Loop time of 2.40802 on 1 procs for 1 steps with 4096000 atoms
Loop time of 1.36829 on 2 procs for 1 steps with 4096000 atoms
Loop time of 0.8527 on 4 procs for 1 steps with 4096000 atoms
Loop time of 0.964493 on 8 procs for 1 steps with 4096000 atoms

I usually set processor binding to “socket” on the MPI level and don’t bind OpenMP processes. That seems to work best for how the OpenMP package is implemented.

Just for reference, for a huge number of threads using KOKKOS with atomics may be better which is what Axel is referring to, need to compile with -DLMP_KOKKOS_USE_ATOMICS, see 7.4.3. KOKKOS package — LAMMPS documentation.

It is a virtual cluster on Google Cloud, the machines are called c2-standard-30. I reserved 16 nodes with --exclusive in slurm and it should be one MPI rank per node.

I get similar results on Piz Daint. Also one MPI rank per node with --exclusive.


$ for i in 6 12 24; do OMP_PROC_BIND=TRUE OMP_NUM_THREADS=$i srun --jobid=46981470 lmp_a -in in.sc -sf omp | awk '/^Neigh   \|/' | sed 1q; done
Neigh   | 2.5581     | 2.6236     | 2.7554     |   3.8 | 546.5 | 57.83
Neigh   | 1.4566     | 1.5771     | 1.7569     |   8.5 |1020.6 | 48.51
Neigh   | 0.86885    | 1.1125     | 1.9214     |  25.1 |1854.6 | 30.87
$ for i in 6 12 24; do OMP_PROC_BIND=TRUE OMP_NUM_THREADS=$i srun --jobid=46981470 lmp_b -in in.sc -sf omp | awk '/^Neigh   \|/' | sed 1q; done
Neigh   | 2.5322     | 2.5903     | 2.7054     |   2.9 | 545.8 | 57.72
Neigh   | 1.4593     | 1.4929     | 1.5368     |   1.8 |1005.5 | 48.98
Neigh   | 0.84329    | 0.89284    | 0.97801    |   4.6 |1732.5 | 33.53
$ srun --jobid=46981470 -n 1 lscpu
Architecture:        x86_64
CPU op-mode(s):      32-bit, 64-bit
Byte Order:          Little Endian
Address sizes:       46 bits physical, 48 bits virtual
CPU(s):              24
On-line CPU(s) list: 0-23
Thread(s) per core:  2
Core(s) per socket:  12
Socket(s):           1
NUMA node(s):        1
Vendor ID:           GenuineIntel
CPU family:          6
Model:               63
Model name:          Intel(R) Xeon(R) CPU E5-2690 v3 @ 2.60GHz
Stepping:            2
CPU MHz:             3105.254
CPU max MHz:         2601.0000
CPU min MHz:         1200.0000
BogoMIPS:            5199.73
Virtualization:      VT-x
L1d cache:           32K
L1i cache:           32K
L2 cache:            256K
L3 cache:            30720K
NUMA node0 CPU(s):   0-23

However, on my desktop, I also see no difference between padded and the original versinos.
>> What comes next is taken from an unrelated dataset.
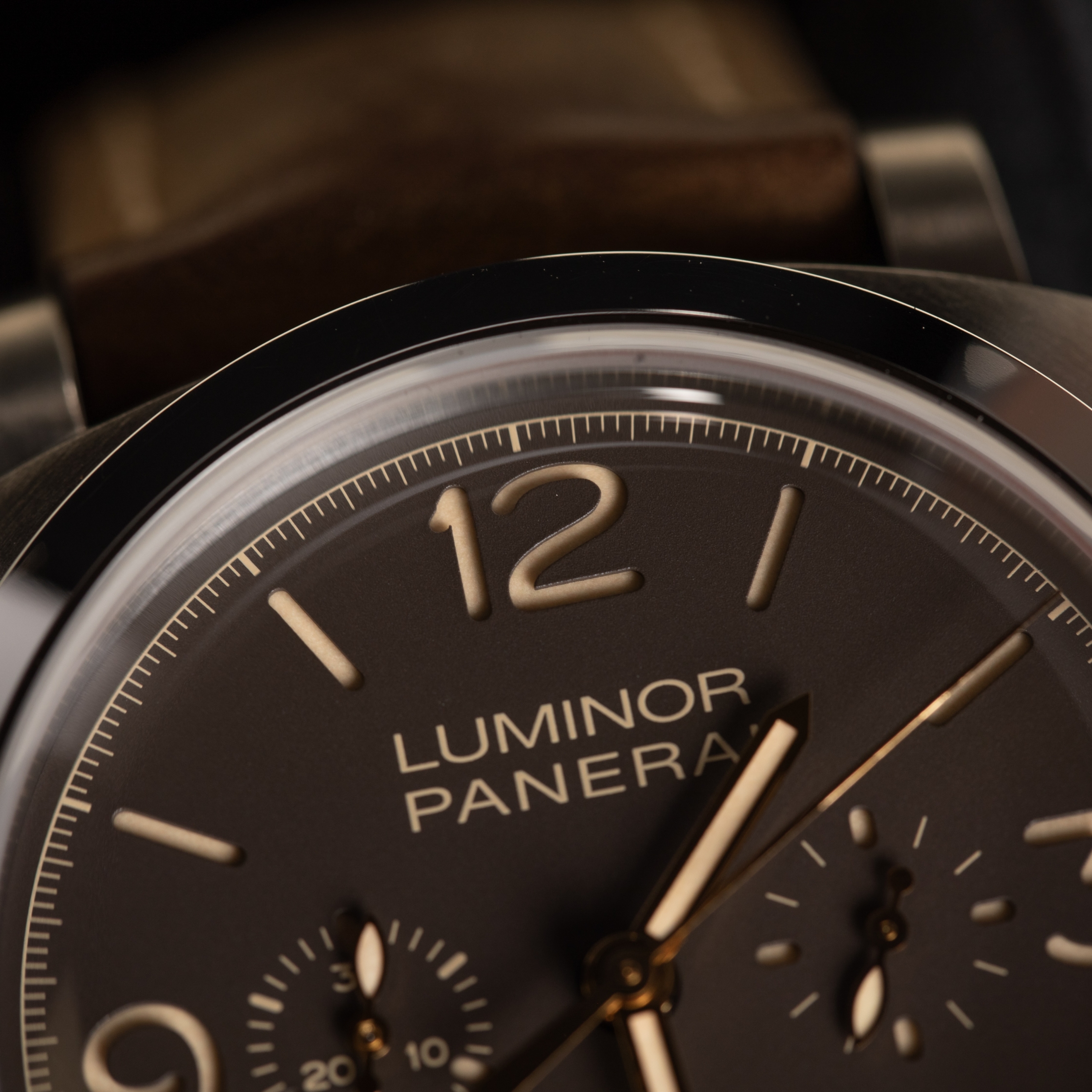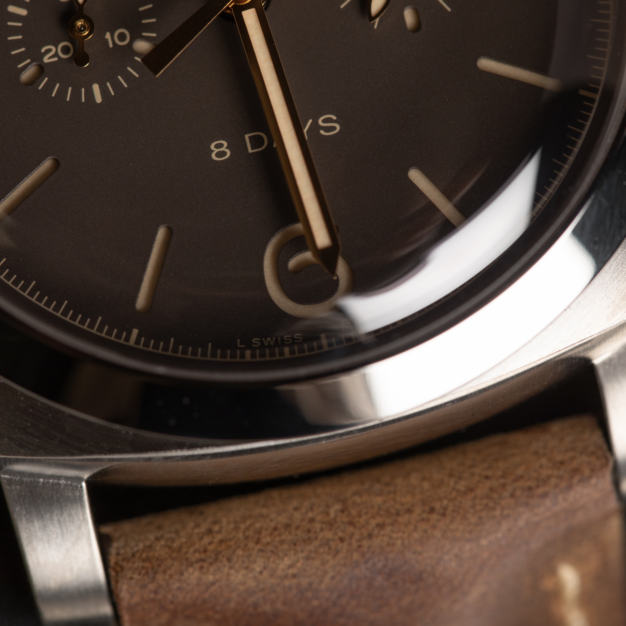 - Distinctive Dial: Brown sandwich dial with luminous markers, chronograph, seconds, and date display.

Thank you. I am looking into KOKKOS. In benchmarks it does not appear to be significantly faster then OMP. These benchmarks likely do not include atomics.

Those benchmarks are quite old, but I’ve found in general atomics give poor performance on Intel CPUs, at least for a low number of threads, which is why they are not the default. However, data duplication which is used for the OPENMP package and by default for the KOKKOS package won’t scale to large numbers of threads since the memory overhead is high.